The title of an essay first published in Art News in January 1971 by art historian Linda Nochlin. The central question of the essay, as you might have guessed from the title, is "Why, of the thousands of paintings in hundreds of great museums around the world, are there so very few by women?"

In the way of complicated questions, each possible answer leads to more questions:

Why have women produced fewer paintings? Why are the topics of women's paintings not considered "great"? Why are women who clearly show the same technical skill as their celebrated male contemporaries nevertheless dismissed?

Some excerpts from the essay:

The fault lies not in our stars, our hormones, our menstrual cycles, or our empty internal spaces, but in our institutions and our education . . .

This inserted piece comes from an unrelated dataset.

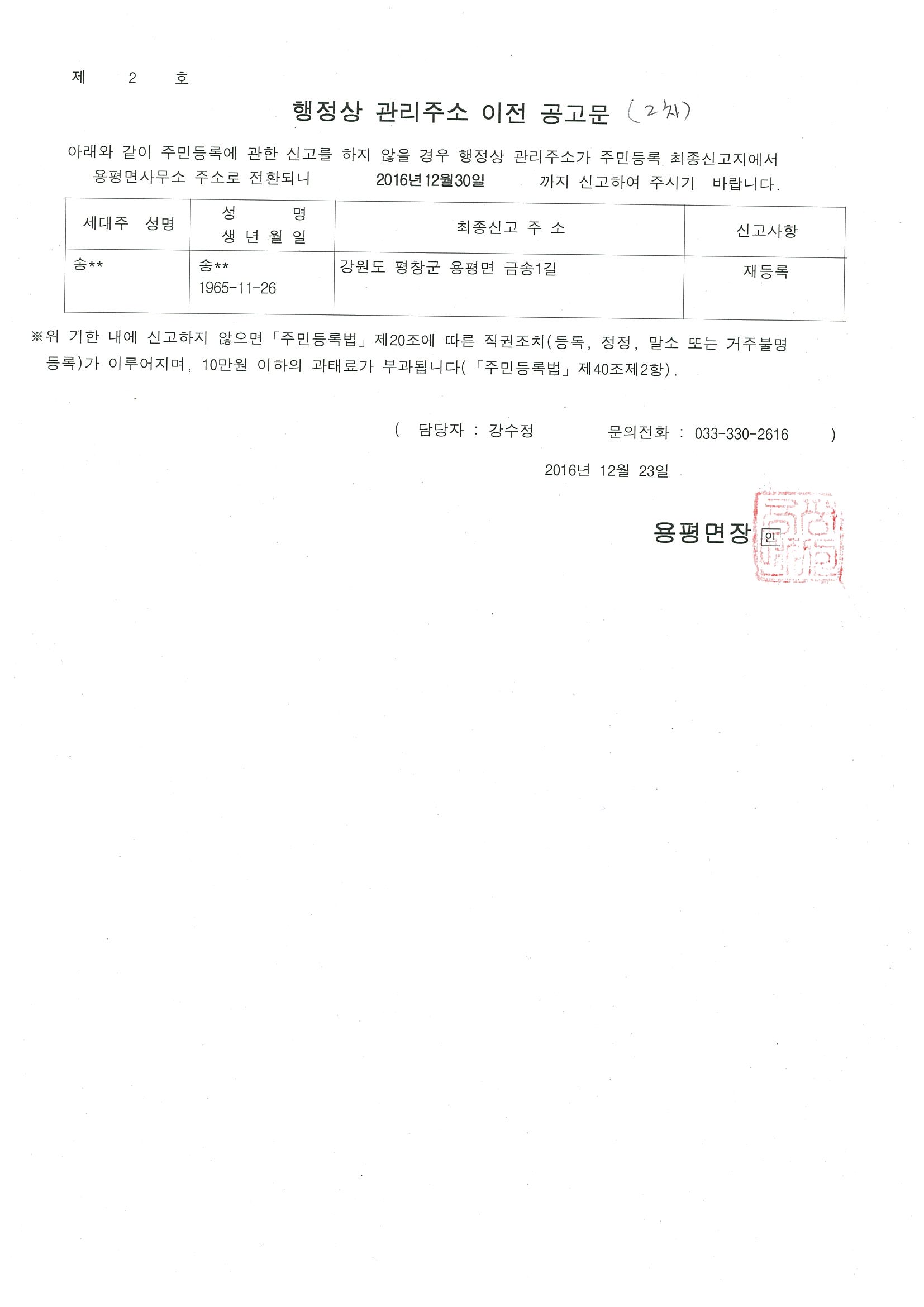 주민등록법 제20조에 따른 거주불명등록자의 행정상 관리주소를 주민등록상 주소지에서 면사무소로 전환하기 위해 다음과 같이 공고하고자 합니다.

Historical conditions made being an artist exceedingly difficult for most women. During the Renaissance, women were excluded from artists' workshops and from conventional forms of training. . .

Women were not allowed to study drawing from the nude figure in the nineteenth century, where such exclusion meant a lack of skill prerequisites for making "great" art. They painted mothers and children and flowers - people and objects accessible to them - rather than "history paintings" of battles and so-called "worldly deeds."

This is a great essay, and should be read by anyone with even a passing interest in art history. She examines not only the historical conditions that excluded women from the art world, but the patriarchal aesthetic prejudice present even in modern galleries and museums.

So, of course, the answer to the question is that there are great women artists. They just haven't been as recognized as they deserve to be.